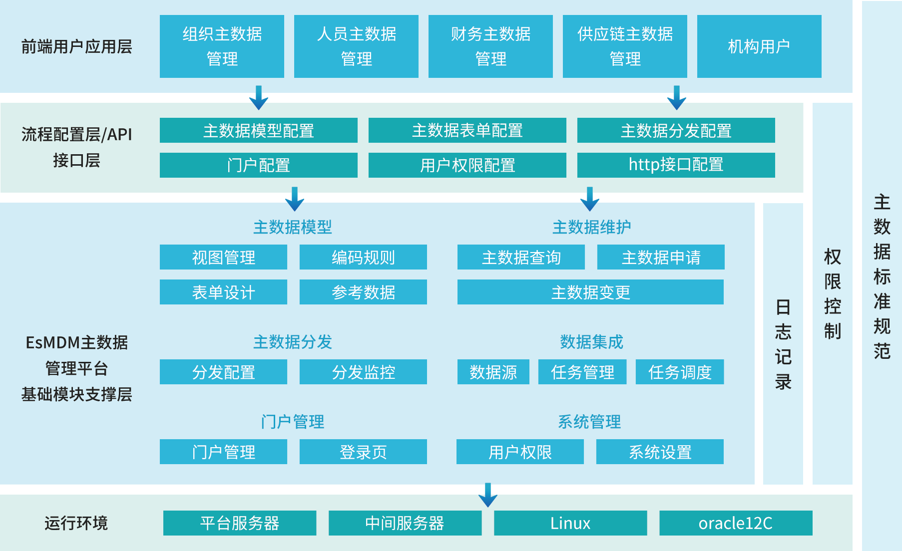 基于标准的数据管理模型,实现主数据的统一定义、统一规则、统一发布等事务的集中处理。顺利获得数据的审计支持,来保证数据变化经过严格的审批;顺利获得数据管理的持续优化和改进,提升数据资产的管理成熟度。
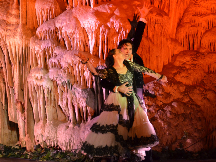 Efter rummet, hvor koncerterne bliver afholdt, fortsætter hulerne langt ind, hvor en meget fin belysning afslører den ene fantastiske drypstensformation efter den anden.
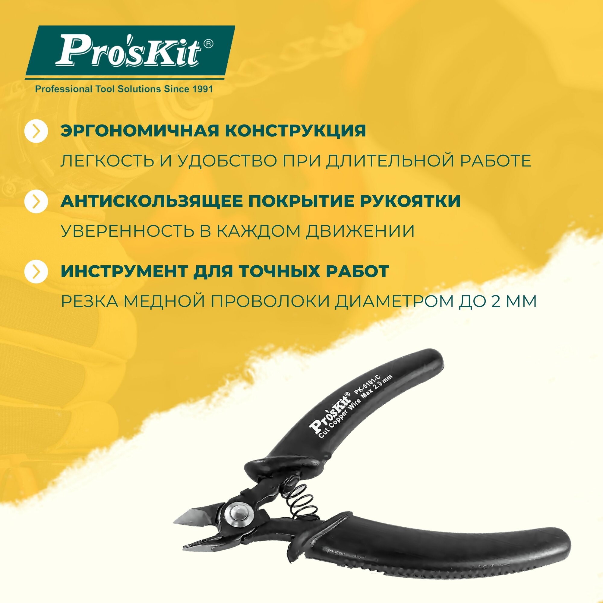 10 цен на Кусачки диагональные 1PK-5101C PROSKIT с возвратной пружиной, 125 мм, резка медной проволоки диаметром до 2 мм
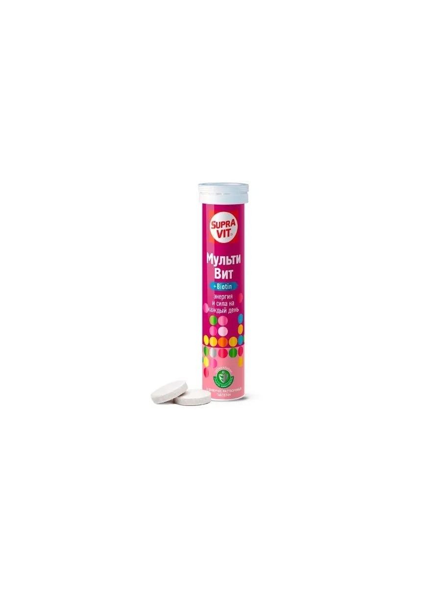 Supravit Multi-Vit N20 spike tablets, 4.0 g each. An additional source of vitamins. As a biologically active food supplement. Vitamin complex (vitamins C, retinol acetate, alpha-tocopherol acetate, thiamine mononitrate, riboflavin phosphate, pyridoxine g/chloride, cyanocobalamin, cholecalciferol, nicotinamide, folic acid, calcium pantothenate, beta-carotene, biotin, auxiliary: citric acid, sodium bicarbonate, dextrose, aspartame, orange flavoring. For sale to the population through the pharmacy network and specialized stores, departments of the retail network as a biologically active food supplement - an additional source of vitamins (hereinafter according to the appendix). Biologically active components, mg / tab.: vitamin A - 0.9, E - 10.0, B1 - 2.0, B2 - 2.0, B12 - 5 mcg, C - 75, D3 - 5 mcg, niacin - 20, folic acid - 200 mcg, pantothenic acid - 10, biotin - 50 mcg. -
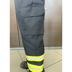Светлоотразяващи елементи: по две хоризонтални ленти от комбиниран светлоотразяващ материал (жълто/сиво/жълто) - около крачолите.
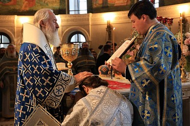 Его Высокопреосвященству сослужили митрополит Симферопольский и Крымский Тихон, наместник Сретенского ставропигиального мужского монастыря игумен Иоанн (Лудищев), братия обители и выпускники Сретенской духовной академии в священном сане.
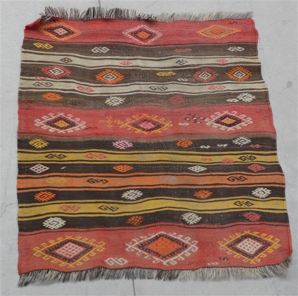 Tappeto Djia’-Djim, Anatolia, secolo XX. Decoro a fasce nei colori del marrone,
...
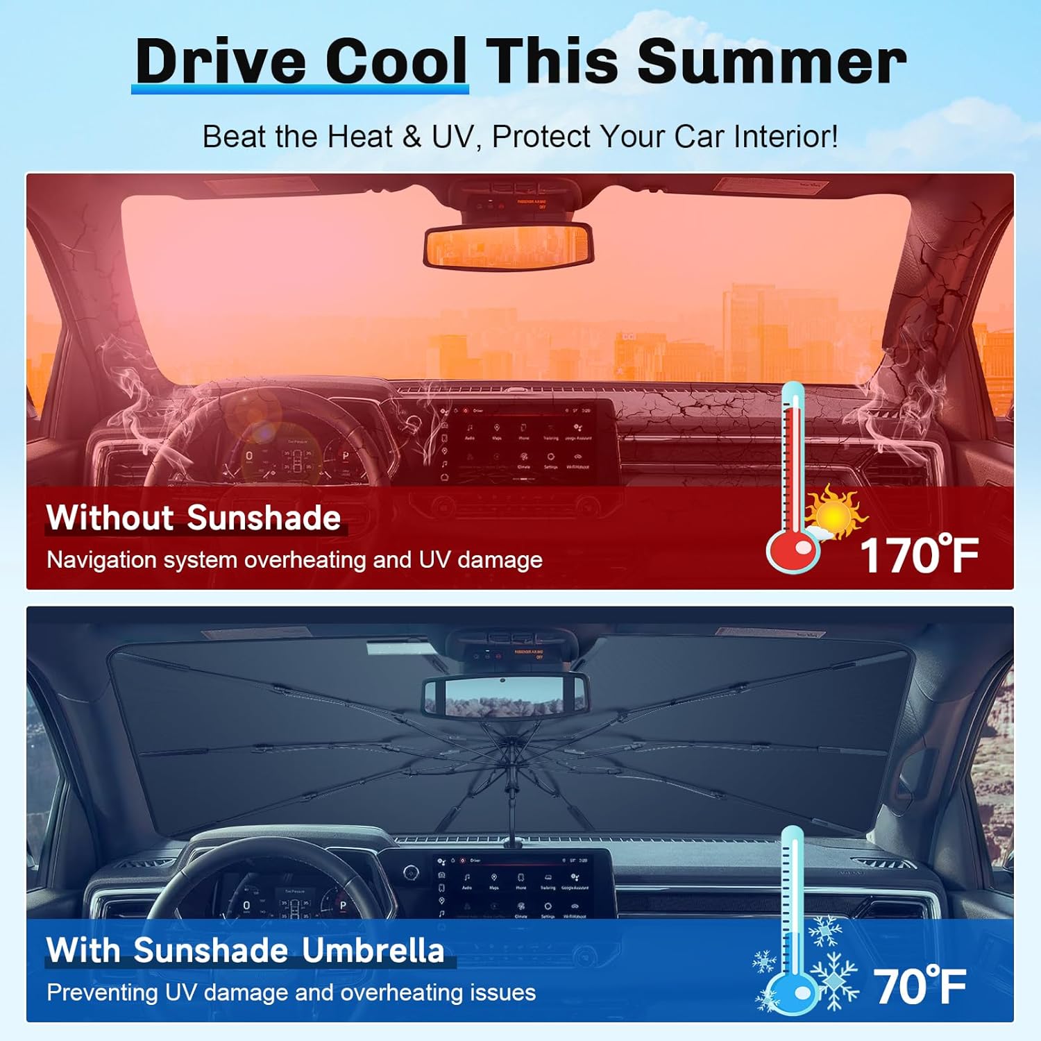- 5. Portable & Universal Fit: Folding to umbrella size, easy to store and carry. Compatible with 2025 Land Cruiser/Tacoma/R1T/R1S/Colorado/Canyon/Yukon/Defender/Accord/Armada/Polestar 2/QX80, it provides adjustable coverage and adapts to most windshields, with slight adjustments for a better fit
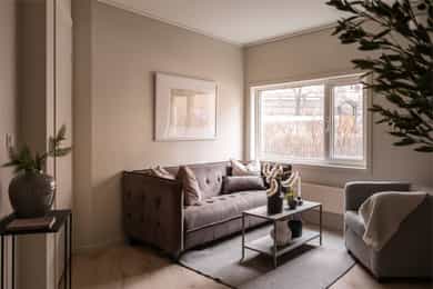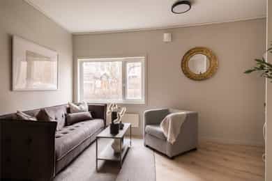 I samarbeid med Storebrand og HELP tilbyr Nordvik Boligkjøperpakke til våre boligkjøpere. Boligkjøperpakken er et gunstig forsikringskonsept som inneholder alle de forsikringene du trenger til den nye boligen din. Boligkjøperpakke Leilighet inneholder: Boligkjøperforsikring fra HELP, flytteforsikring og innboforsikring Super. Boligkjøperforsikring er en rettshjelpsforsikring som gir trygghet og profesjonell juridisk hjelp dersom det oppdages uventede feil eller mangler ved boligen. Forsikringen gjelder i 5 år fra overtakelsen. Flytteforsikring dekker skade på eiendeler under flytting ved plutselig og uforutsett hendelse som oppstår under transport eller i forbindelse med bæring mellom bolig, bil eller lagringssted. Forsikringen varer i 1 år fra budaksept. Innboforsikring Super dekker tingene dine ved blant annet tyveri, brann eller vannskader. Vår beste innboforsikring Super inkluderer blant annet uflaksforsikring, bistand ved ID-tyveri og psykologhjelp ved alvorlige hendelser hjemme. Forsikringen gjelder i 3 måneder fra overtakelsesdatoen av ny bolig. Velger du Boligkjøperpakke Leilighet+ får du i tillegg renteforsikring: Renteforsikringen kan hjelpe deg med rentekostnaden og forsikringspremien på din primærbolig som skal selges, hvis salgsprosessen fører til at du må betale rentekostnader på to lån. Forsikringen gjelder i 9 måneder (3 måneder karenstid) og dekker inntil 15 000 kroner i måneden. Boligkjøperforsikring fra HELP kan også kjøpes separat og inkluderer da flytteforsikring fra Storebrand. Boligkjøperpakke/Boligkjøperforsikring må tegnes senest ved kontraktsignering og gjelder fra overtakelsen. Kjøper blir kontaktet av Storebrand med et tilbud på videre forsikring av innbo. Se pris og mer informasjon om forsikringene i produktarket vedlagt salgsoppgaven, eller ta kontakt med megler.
* * *
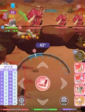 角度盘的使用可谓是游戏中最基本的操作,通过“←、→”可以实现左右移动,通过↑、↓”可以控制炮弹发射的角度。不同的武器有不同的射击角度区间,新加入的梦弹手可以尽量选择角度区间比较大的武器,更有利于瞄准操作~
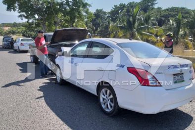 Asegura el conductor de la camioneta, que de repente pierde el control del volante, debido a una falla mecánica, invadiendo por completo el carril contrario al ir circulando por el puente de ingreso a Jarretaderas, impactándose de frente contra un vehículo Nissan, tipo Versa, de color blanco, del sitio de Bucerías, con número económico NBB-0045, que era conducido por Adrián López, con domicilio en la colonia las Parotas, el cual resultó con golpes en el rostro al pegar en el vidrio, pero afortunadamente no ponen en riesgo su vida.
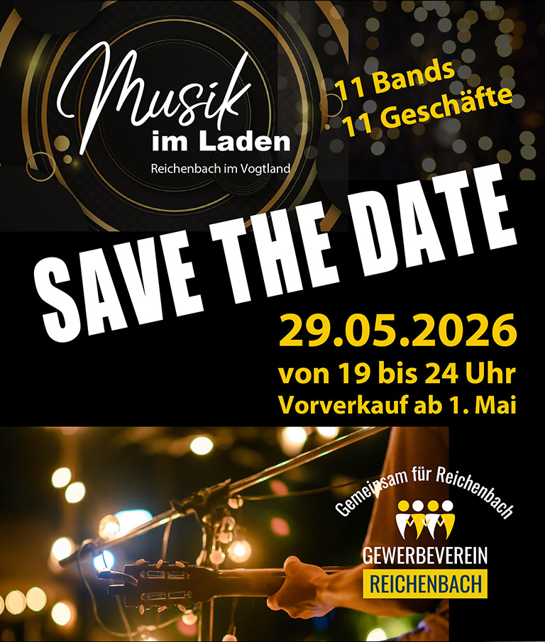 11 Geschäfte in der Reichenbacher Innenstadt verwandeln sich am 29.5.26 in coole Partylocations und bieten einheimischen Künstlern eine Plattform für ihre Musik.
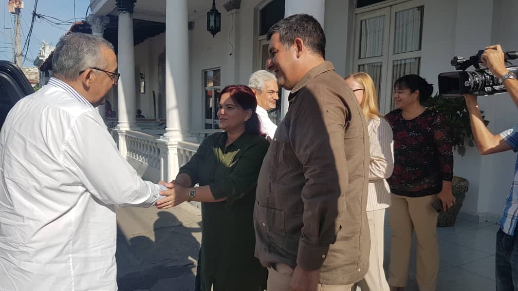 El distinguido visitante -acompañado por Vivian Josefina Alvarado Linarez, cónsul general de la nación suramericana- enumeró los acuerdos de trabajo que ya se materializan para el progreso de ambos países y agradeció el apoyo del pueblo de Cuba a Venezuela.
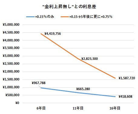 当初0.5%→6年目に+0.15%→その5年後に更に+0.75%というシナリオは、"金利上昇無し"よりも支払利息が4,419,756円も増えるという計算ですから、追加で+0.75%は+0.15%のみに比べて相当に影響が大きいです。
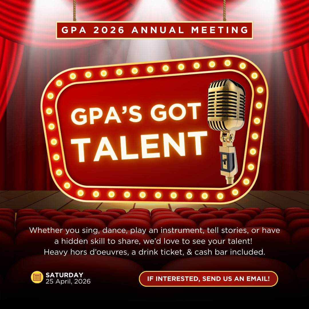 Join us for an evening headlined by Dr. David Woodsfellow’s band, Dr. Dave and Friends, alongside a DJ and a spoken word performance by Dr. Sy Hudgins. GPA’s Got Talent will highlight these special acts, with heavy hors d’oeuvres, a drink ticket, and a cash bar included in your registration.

**YOUR ASSIGNMENT**
In the records above, everything from the line with "基于标准的数据管理模型,实现" down to the line with "10 цен на Кусачки" is to be set down exactly, both ends included, with no pictures and no other lines.

**SOLUTION BELOW**
 基于标准的数据管理模型,实现主数据的统一定义、统一规则、统一发布等事务的集中处理。顺利获得数据的审计支持,来保证数据变化经过严格的审批;顺利获得数据管理的持续优化和改进,提升数据资产的管理成熟度。
 Efter rummet, hvor koncerterne bliver afholdt, fortsætter hulerne langt ind, hvor en meget fin belysning afslører den ene fantastiske drypstensformation efter den anden.
 10 цен на Кусачки диагональные 1PK-5101C PROSKIT с возвратной пружиной, 125 мм, резка медной проволоки диаметром до 2 мм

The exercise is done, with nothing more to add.